## Problem description
The copy has to match the data exactly and leave out every picture.

## Input data
════════════════════
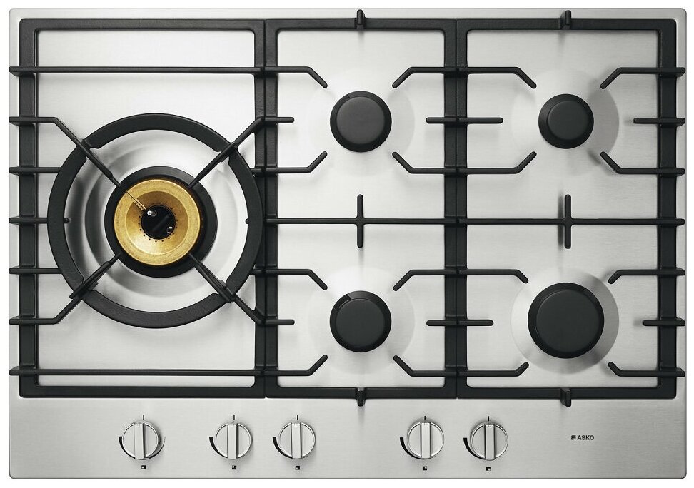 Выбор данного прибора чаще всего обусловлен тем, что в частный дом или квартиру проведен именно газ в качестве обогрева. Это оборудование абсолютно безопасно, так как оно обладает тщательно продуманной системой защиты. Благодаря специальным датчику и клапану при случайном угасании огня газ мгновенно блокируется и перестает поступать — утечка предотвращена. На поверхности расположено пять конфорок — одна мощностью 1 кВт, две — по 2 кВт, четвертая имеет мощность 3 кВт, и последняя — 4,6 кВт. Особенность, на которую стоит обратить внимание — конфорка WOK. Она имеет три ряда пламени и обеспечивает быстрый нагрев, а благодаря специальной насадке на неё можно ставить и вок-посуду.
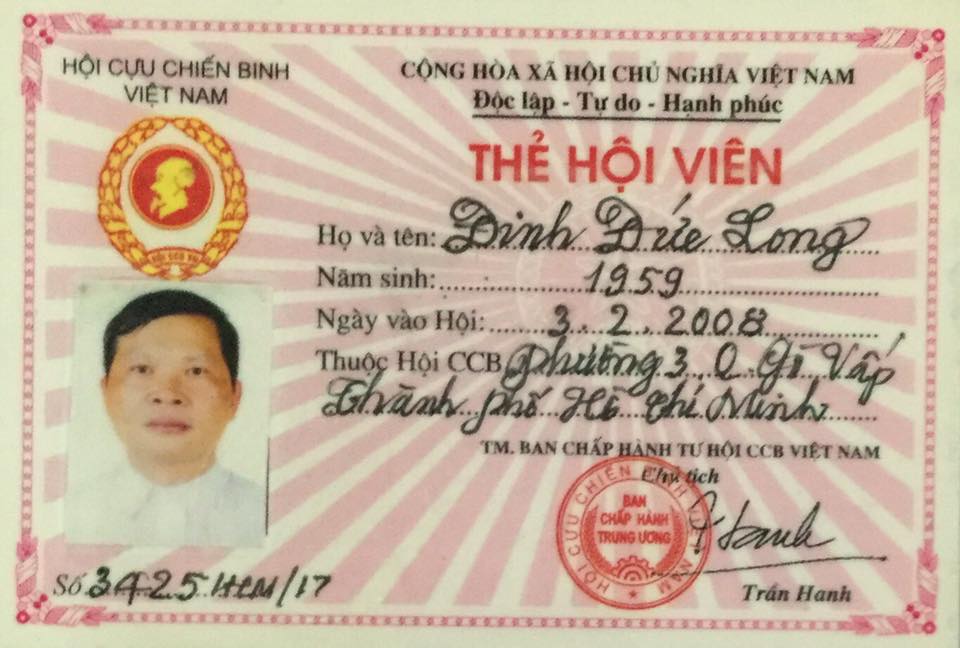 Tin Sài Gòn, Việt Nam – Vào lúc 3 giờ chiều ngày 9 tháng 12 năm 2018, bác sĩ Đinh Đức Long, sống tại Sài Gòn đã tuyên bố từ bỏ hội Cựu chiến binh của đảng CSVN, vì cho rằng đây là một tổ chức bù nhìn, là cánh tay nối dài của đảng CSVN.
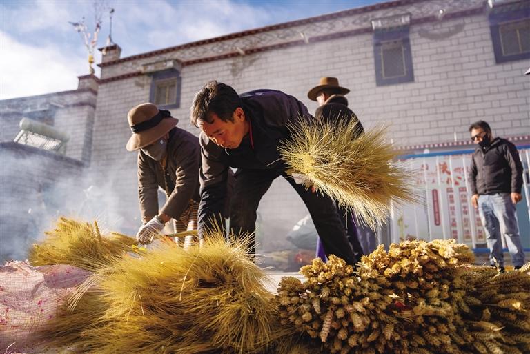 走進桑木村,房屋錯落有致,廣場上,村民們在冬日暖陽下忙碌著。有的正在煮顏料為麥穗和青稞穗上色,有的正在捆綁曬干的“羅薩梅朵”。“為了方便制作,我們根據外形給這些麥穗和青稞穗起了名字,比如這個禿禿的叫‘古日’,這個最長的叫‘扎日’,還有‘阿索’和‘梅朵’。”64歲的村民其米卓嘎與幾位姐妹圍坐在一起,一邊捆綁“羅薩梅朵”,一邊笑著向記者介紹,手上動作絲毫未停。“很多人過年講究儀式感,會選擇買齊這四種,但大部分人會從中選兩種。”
════════════════════
## Solution to the problem
 Выбор данного прибора чаще всего обусловлен тем, что в частный дом или квартиру проведен именно газ в качестве обогрева. Это оборудование абсолютно безопасно, так как оно обладает тщательно продуманной системой защиты. Благодаря специальным датчику и клапану при случайном угасании огня газ мгновенно блокируется и перестает поступать — утечка предотвращена. На поверхности расположено пять конфорок — одна мощностью 1 кВт, две — по 2 кВт, четвертая имеет мощность 3 кВт, и последняя — 4,6 кВт. Особенность, на которую стоит обратить внимание — конфорка WOK. Она имеет три ряда пламени и обеспечивает быстрый нагрев, а благодаря специальной насадке на неё можно ставить и вок-посуду.
 Tin Sài Gòn, Việt Nam – Vào lúc 3 giờ chiều ngày 9 tháng 12 năm 2018, bác sĩ Đinh Đức Long, sống tại Sài Gòn đã tuyên bố từ bỏ hội Cựu chiến binh của đảng CSVN, vì cho rằng đây là một tổ chức bù nhìn, là cánh tay nối dài của đảng CSVN.
 走進桑木村,房屋錯落有致,廣場上,村民們在冬日暖陽下忙碌著。有的正在煮顏料為麥穗和青稞穗上色,有的正在捆綁曬干的“羅薩梅朵”。“為了方便制作,我們根據外形給這些麥穗和青稞穗起了名字,比如這個禿禿的叫‘古日’,這個最長的叫‘扎日’,還有‘阿索’和‘梅朵’。”64歲的村民其米卓嘎與幾位姐妹圍坐在一起,一邊捆綁“羅薩梅朵”,一邊笑著向記者介紹,手上動作絲毫未停。“很多人過年講究儀式感,會選擇買齊這四種,但大部分人會從中選兩種。”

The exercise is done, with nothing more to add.